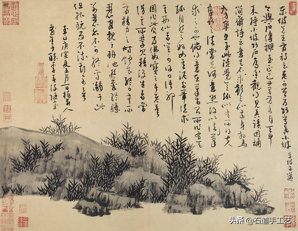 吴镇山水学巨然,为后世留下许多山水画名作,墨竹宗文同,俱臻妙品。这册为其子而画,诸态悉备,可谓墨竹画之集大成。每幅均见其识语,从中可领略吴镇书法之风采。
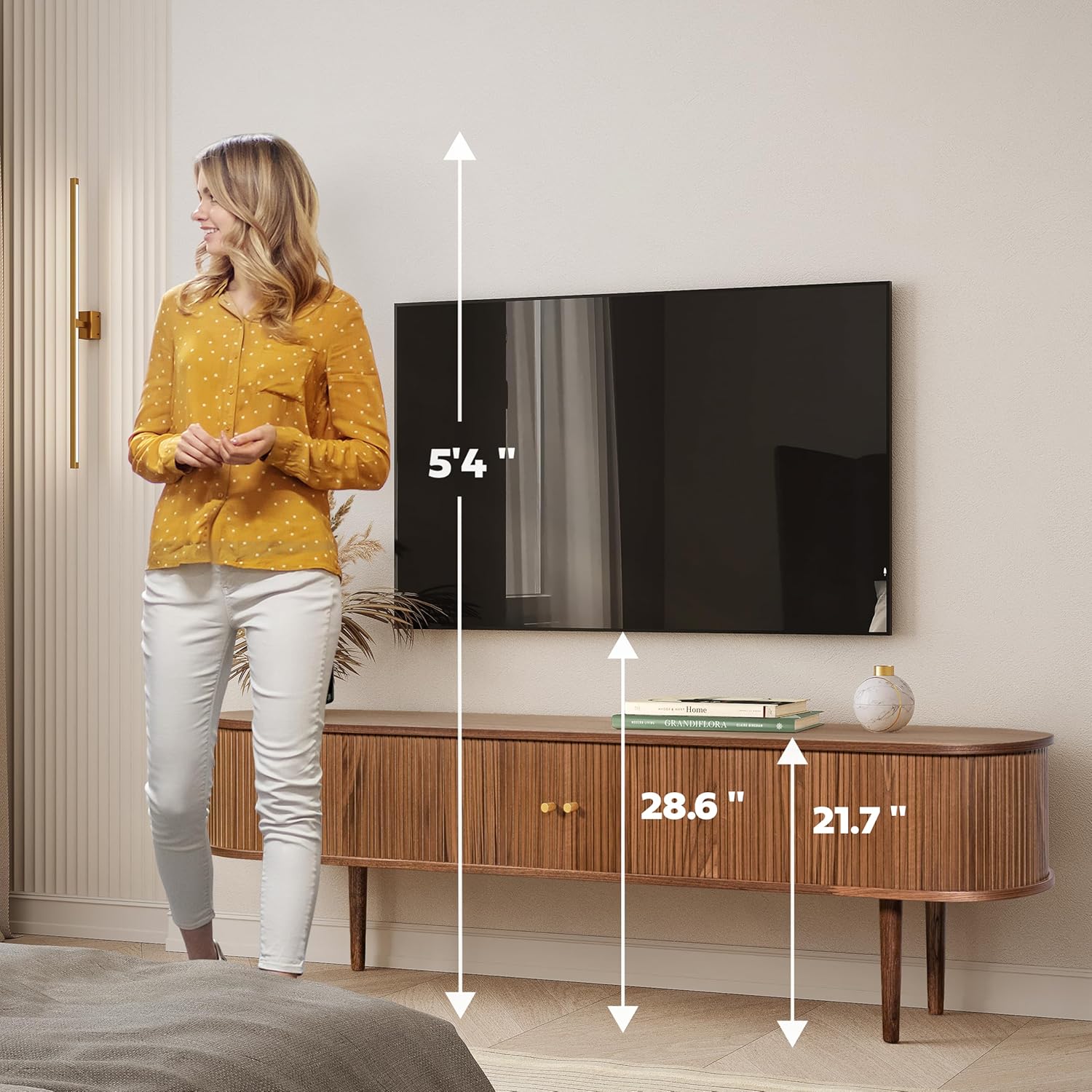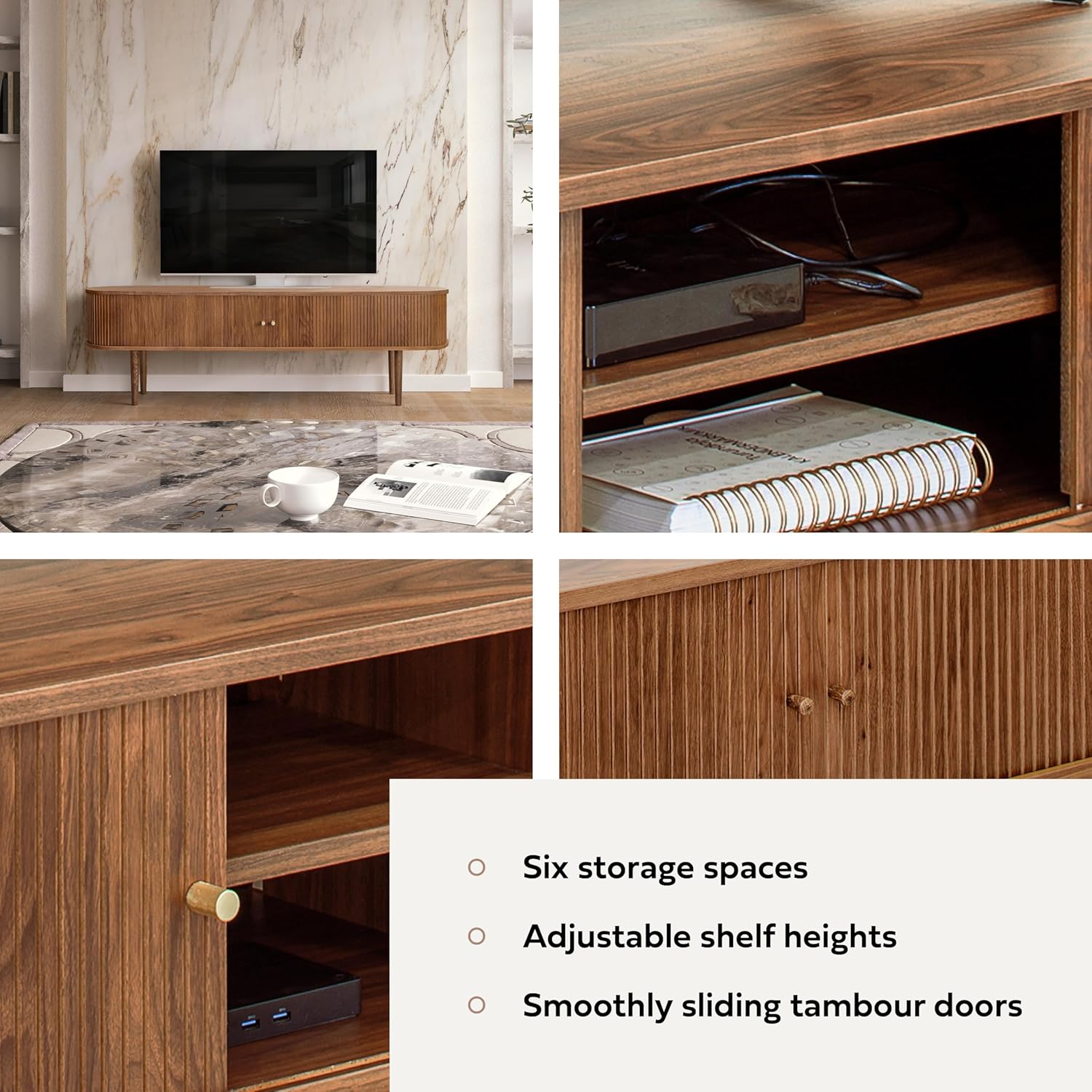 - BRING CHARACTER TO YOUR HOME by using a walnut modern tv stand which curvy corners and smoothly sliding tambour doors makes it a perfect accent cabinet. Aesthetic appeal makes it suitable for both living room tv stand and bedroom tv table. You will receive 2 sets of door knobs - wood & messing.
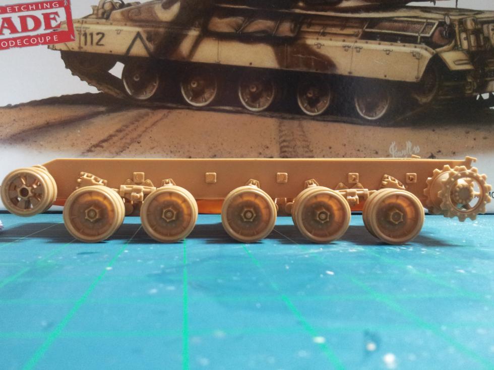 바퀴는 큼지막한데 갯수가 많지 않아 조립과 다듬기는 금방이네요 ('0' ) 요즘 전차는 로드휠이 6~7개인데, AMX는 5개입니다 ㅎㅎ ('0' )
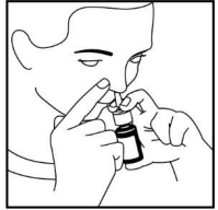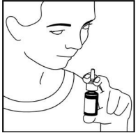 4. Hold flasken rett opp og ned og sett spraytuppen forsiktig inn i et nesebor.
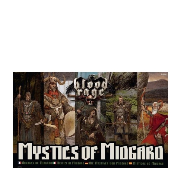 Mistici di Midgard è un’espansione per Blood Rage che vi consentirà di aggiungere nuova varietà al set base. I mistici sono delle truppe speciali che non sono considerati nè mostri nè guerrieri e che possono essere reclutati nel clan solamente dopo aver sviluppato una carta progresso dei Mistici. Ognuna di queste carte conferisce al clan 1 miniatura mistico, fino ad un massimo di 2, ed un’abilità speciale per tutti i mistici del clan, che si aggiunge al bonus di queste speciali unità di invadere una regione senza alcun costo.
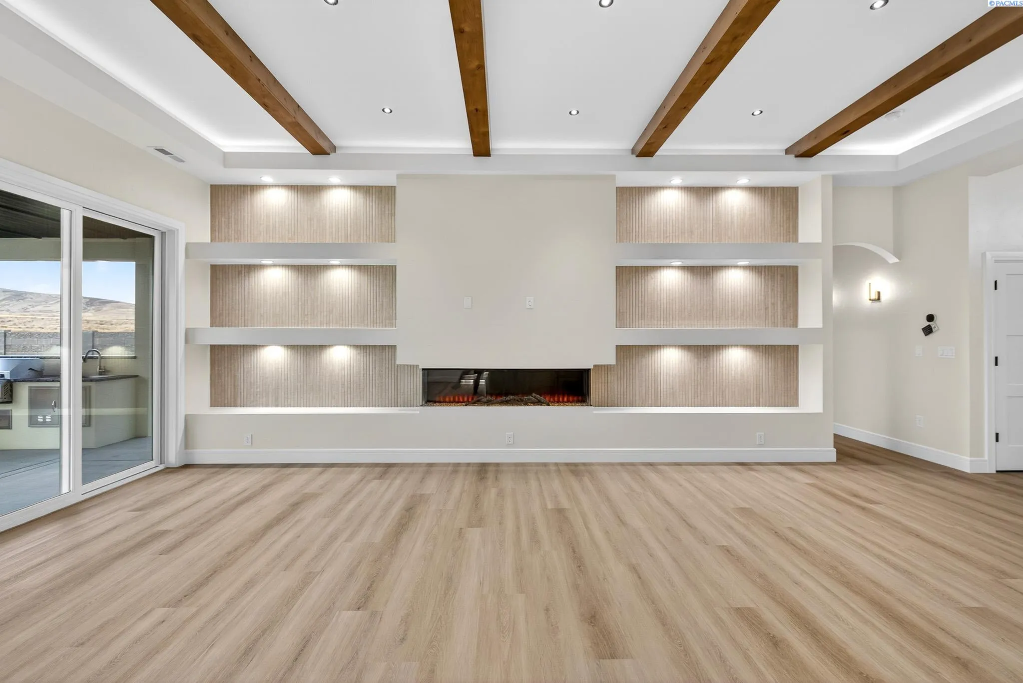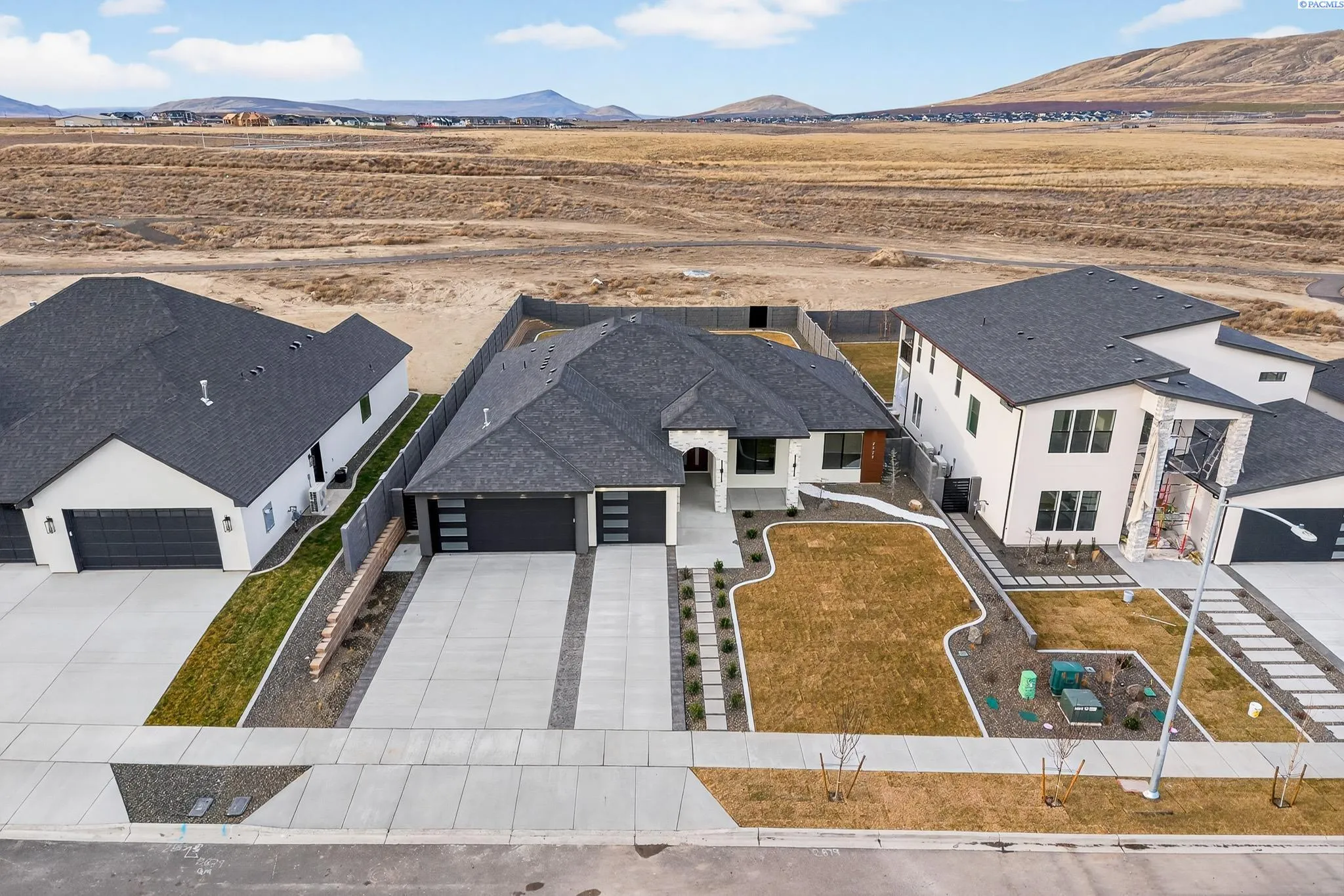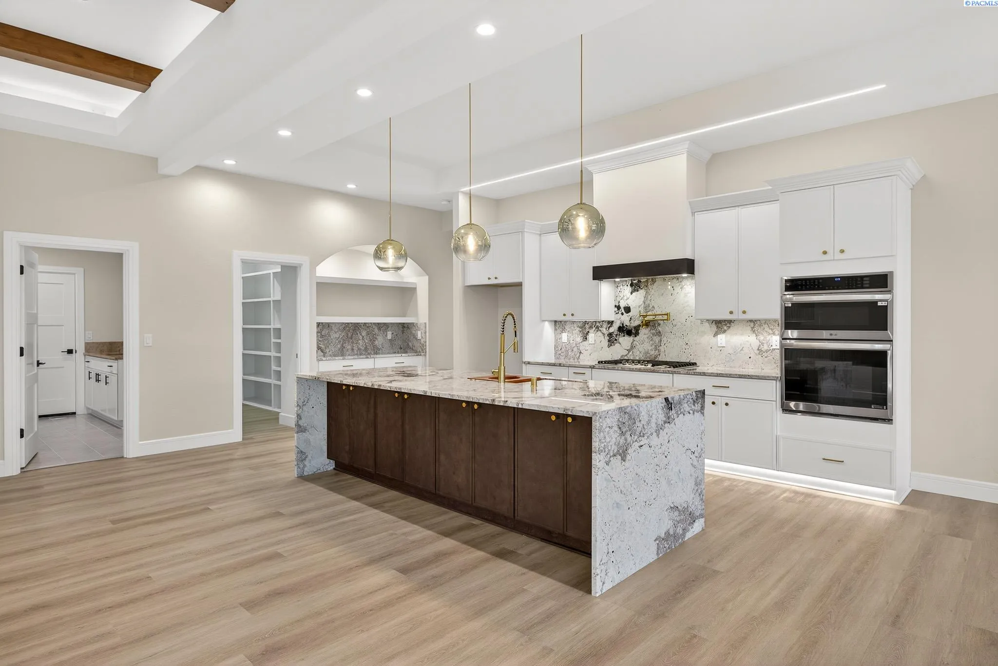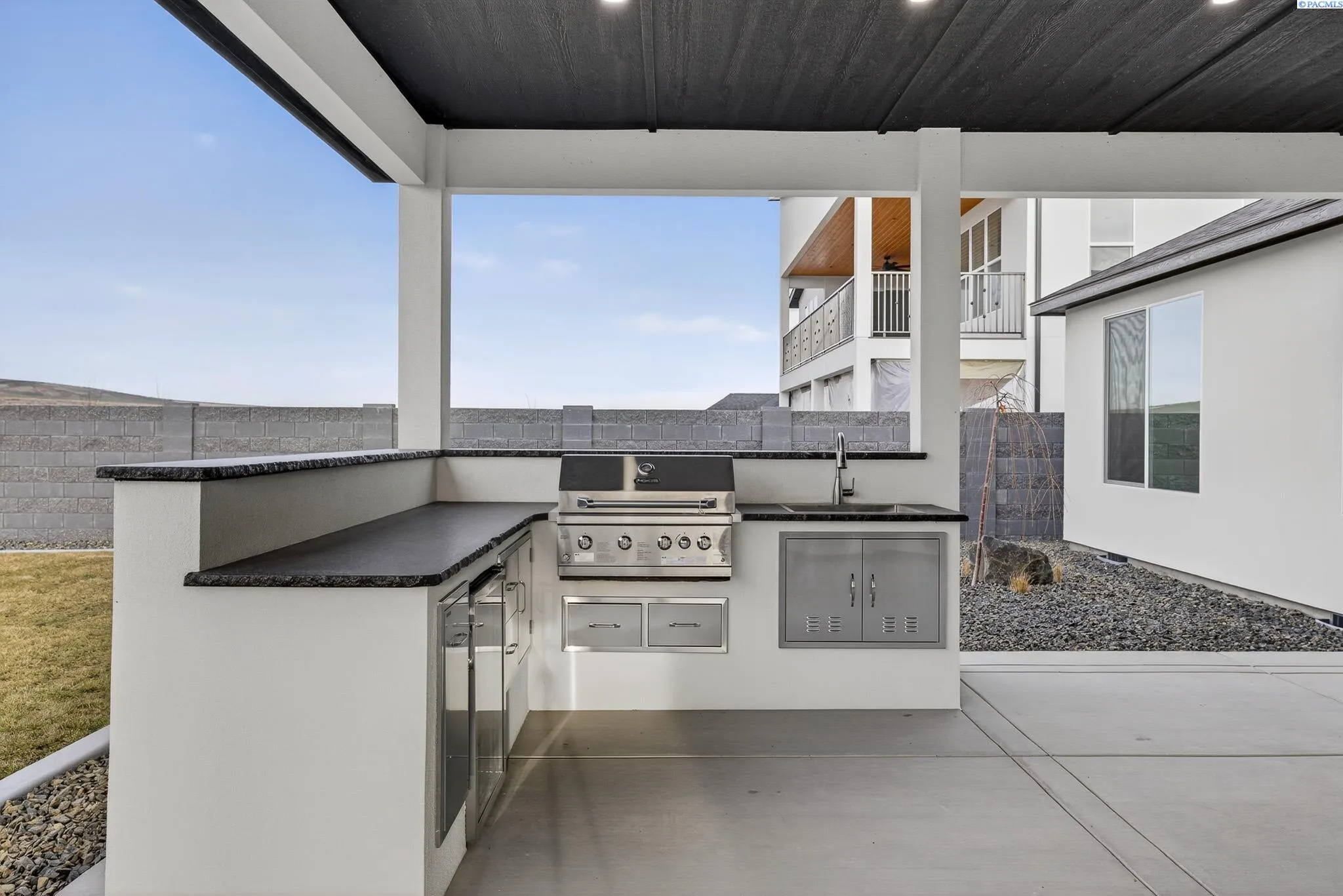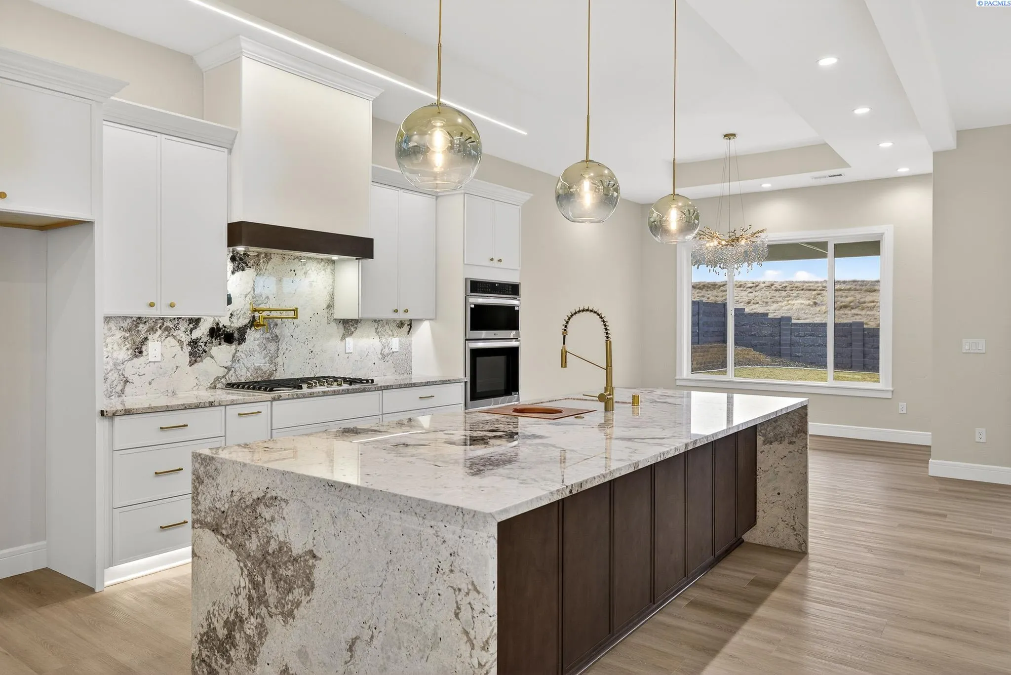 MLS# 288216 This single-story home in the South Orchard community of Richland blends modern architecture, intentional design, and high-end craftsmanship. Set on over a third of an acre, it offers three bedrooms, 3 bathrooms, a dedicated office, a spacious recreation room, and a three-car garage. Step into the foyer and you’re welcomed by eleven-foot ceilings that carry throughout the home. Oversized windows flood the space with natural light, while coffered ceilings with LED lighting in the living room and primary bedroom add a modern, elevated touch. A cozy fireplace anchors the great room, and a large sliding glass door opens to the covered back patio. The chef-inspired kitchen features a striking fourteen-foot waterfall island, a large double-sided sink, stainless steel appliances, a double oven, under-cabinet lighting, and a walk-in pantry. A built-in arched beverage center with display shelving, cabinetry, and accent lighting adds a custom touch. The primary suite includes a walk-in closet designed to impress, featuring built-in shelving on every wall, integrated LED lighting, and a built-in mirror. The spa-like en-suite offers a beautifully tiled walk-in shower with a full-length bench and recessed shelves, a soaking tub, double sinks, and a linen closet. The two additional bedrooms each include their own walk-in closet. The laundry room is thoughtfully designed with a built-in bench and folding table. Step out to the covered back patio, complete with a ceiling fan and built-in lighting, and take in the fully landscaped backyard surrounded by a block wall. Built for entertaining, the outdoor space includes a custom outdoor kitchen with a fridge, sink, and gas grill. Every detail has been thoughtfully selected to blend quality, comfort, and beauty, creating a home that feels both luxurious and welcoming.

[Directions for this task]: Return every line of the listing exactly, leaving its pictures behind.

[Task result]:
 吴镇山水学巨然,为后世留下许多山水画名作,墨竹宗文同,俱臻妙品。这册为其子而画,诸态悉备,可谓墨竹画之集大成。每幅均见其识语,从中可领略吴镇书法之风采。
 - BRING CHARACTER TO YOUR HOME by using a walnut modern tv stand which curvy corners and smoothly sliding tambour doors makes it a perfect accent cabinet. Aesthetic appeal makes it suitable for both living room tv stand and bedroom tv table. You will receive 2 sets of door knobs - wood & messing.
 바퀴는 큼지막한데 갯수가 많지 않아 조립과 다듬기는 금방이네요 ('0' ) 요즘 전차는 로드휠이 6~7개인데, AMX는 5개입니다 ㅎㅎ ('0' )
 4. Hold flasken rett opp og ned og sett spraytuppen forsiktig inn i et nesebor.
 Mistici di Midgard è un’espansione per Blood Rage che vi consentirà di aggiungere nuova varietà al set base. I mistici sono delle truppe speciali che non sono considerati nè mostri nè guerrieri e che possono essere reclutati nel clan solamente dopo aver sviluppato una carta progresso dei Mistici. Ognuna di queste carte conferisce al clan 1 miniatura mistico, fino ad un massimo di 2, ed un’abilità speciale per tutti i mistici del clan, che si aggiunge al bonus di queste speciali unità di invadere una regione senza alcun costo.
 MLS# 288216 This single-story home in the South Orchard community of Richland blends modern architecture, intentional design, and high-end craftsmanship. Set on over a third of an acre, it offers three bedrooms, 3 bathrooms, a dedicated office, a spacious recreation room, and a three-car garage. Step into the foyer and you’re welcomed by eleven-foot ceilings that carry throughout the home. Oversized windows flood the space with natural light, while coffered ceilings with LED lighting in the living room and primary bedroom add a modern, elevated touch. A cozy fireplace anchors the great room, and a large sliding glass door opens to the covered back patio. The chef-inspired kitchen features a striking fourteen-foot waterfall island, a large double-sided sink, stainless steel appliances, a double oven, under-cabinet lighting, and a walk-in pantry. A built-in arched beverage center with display shelving, cabinetry, and accent lighting adds a custom touch. The primary suite includes a walk-in closet designed to impress, featuring built-in shelving on every wall, integrated LED lighting, and a built-in mirror. The spa-like en-suite offers a beautifully tiled walk-in shower with a full-length bench and recessed shelves, a soaking tub, double sinks, and a linen closet. The two additional bedrooms each include their own walk-in closet. The laundry room is thoughtfully designed with a built-in bench and folding table. Step out to the covered back patio, complete with a ceiling fan and built-in lighting, and take in the fully landscaped backyard surrounded by a block wall. Built for entertaining, the outdoor space includes a custom outdoor kitchen with a fridge, sink, and gas grill. Every detail has been thoughtfully selected to blend quality, comfort, and beauty, creating a home that feels both luxurious and welcoming.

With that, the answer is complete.